Смерть в прямом эфире - Кирстен Уайт
Теперь передо мной уже не та скромная девочка с кудряшками, сморщенным от смеха носиком и очаровательными ямочками на щеках. Она выросла и уже не выглядит вашей лучшей подругой. Вовсе нет. Она остригла волосы и уложила в строгую прическу, которую сама считает стильной, но которая на самом деле лишь старит ее. Нынешняя Дженни состоит из сплошных резких линий и острых углов, распространяя вокруг себя ощущение обмана. Она больше не способна ничего изменить, как бы ни пыталась следовать правилам, поэтому сейчас всегда одинокая, печальная и жалкая. Сложно вспомнить, почему мы дружили с ней. Почему так любили. Почему Господин Волшебник выделял ее среди остальных.

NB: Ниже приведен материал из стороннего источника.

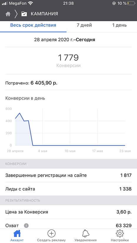 Собрали 1779 регистраций на марафон, затраты на рекламу — 6400 руб.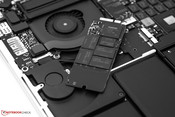 Im Inneren fällt auf, dass Apple den Arbeitsspeicher nun fest verlötet und die SSD sich, wie auch bei den MacBook Air Modellen, auf einem angepassten PCB (Printed Circuit Board) befindet. Der Austausch des Massenspeichers ist bei diesem Gerät daher sehr teuer und schon vor dem Kauf sollte die gewünschte RAM- und SSD-Konfiguration ausgewählt werden. Für 16 GByte RAM verlangt Apple 200 Euro Aufpreis. Normale DDR3-Riegel sind deutlich günstiger, wobei die notwendigen Slots mehr Platz im Gehäuse beanspruchen. Einzig die SSD lässt sich also theoretisch selbst aufrüsten. Durch das neue Format (auch nicht Kompatibel zu den MacBook Air) muss man jedoch erst auf Dritthersteller warten. Kostengünstig (wie bei 2.5" SSDs) wird die Speicherweiterung jedoch sicher nicht.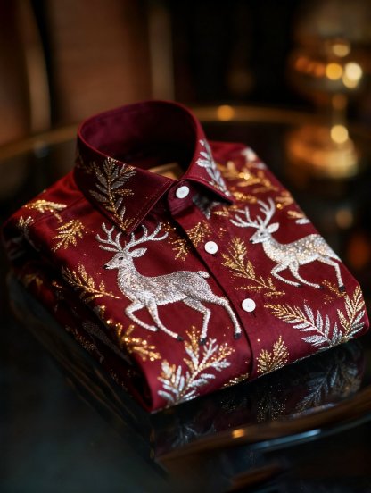 Men's Luxury Christmas Party Long Sleeve Button-Down Shirt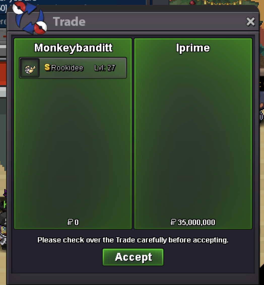 Auction Details: Start Price: 1.5m End Point: 36 hours (after start price is met) Insta Price: N/A Minimum Raise: 100k Accepted Payments: Pokedollars, Coin Capsules (x1 Coin Capsule = 500k), IV Reroll Tickets (x1 IV Reroll Ticket = 700k) Important Reminders: If you intend to purchase with an alt account, specify the account alongside your bid. If a bid is received in the final 15 minutes of the auction, the end point will be delayed by 15 minutes from that bid, and will be delayed by 15 minutes for each new bid thereafter, until the current offer has been held for a full 15 minutes. Happy Bidding!

Возможно, если бы кто-нибудь снова сумел обнять ее так, как он, мы бы тоже заново поняли, заслуживает ли она нашей привязанности».
– Почему ты так поступаешь? – Дженни обхватывает себя руками, не поднимая головы.
«Дженни охотнее других делилась любовью и охотнее других ее принимала. Вероятно, именно поэтому вы забыли ту, кто ничего не просил, кроме вашего одобрения. Ту, кто, скорее всего, по-прежнему жаждет его заполучить. Чья жизнь после передачи заключалась в поисках, умоляя и надеясь снова обрести любовь, такую же безоговорочную, какую чувствовала в детстве.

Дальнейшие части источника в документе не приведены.